US import curbs likely to hit Ranbaxy Laboratories' growth plans

The US drug regulator's move to impose import restrictions on Ranbaxy Laboratories' Mohali plant is likely to slow the Indian pharmaceutical company's growth plans and could hit product launches in its biggest market.

The US Food and Drug Administration (FDA) issued the import alert on the grounds that the plant in Punjab did not meet US drug manufacturing requirements, making it the company's third plant to be barred from shipping its products to the United States.

Analysts said the US import restrictions would not affect Ranbaxy's existing operations but the fate of its future launches hung in the balance.

"We expected Mohali, which is a new facility, to be a key contributor to US revenue growth as more than 35 ANDAs (Abbreviated New Drug Applications) are filed from the facility. With Mohali under import alert, there are uncertainties on new product approvals," says an analyst report by Nomura.  "Existing operations (of the company) are not impacted much as there are no sales to the US from the Mohali facility."

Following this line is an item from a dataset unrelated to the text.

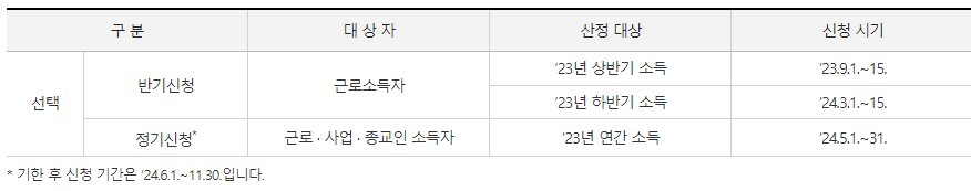 * 근로소득만 있느 ㄴ자는 반기신청과 정기신청을 선택해 신청할 수 있고, 사업 또는 종교인 소득이 있는 자는 정기신청을 하셔야합니다.

Ranbaxy has been pinning its hopes on Mohali after the FDA slapped import bans on its Paonta Sahib and Dewas plants in 2008. It was banking on three generic drugs - blood pressure pill Diovan, stomach medicine Nexium and anti-viral medicine Valcyte - which it expects to roll out of the plant in Punjab this year.

But the extension of the Consent Decree to Mohali means Ranbaxy is barred from supplying any products from that plant to the United States until it has the US drug regulator's approval.

"We expect Ranbaxy to pursue approval of key exclusivities like Diovan and Nexium from Ohm Labs, the only formulation facility of Ranbaxy supplying to the US market," Nomura said in the report.

The drug regulator's move is the latest in a string of blows to hit Ranbaxy's US business. In May, it had pleaded guilty to felony charges relating to the safety of drugs made at two units in India and agreed to pay $500 million to US authorities as a penalty.

"Given the importance of the facility in the overall growth of the US business of the company, the future growth of the US business, will be impacted," says Sarabjit Kour Nangra, Vice President, Research, Pharma, at Angel Broking.

The pharmaceuticals company says it hopes the matter will be resolved soon and is willing to cooperate with any regulator that wants to investigate its manufacturing practices.

"Ranbaxy will review the details and will continue to fully cooperate with the US FDA and take all necessary steps to resolve the concerns at the earliest," Ranbaxy said in a statement. "The company believes that it has made further improvements at its Mohali facility since the last inspection in 2012, and remains committed to addressing all concerns of the US FDA. Ranbaxy is hopeful of an early resolution of these concerns."

Ranbaxy's stock plummeted nearly 30 per cent on Monday after the US drug regulator's move before recovering by 3.1 per cent to Rs 328.75 on Tuesday.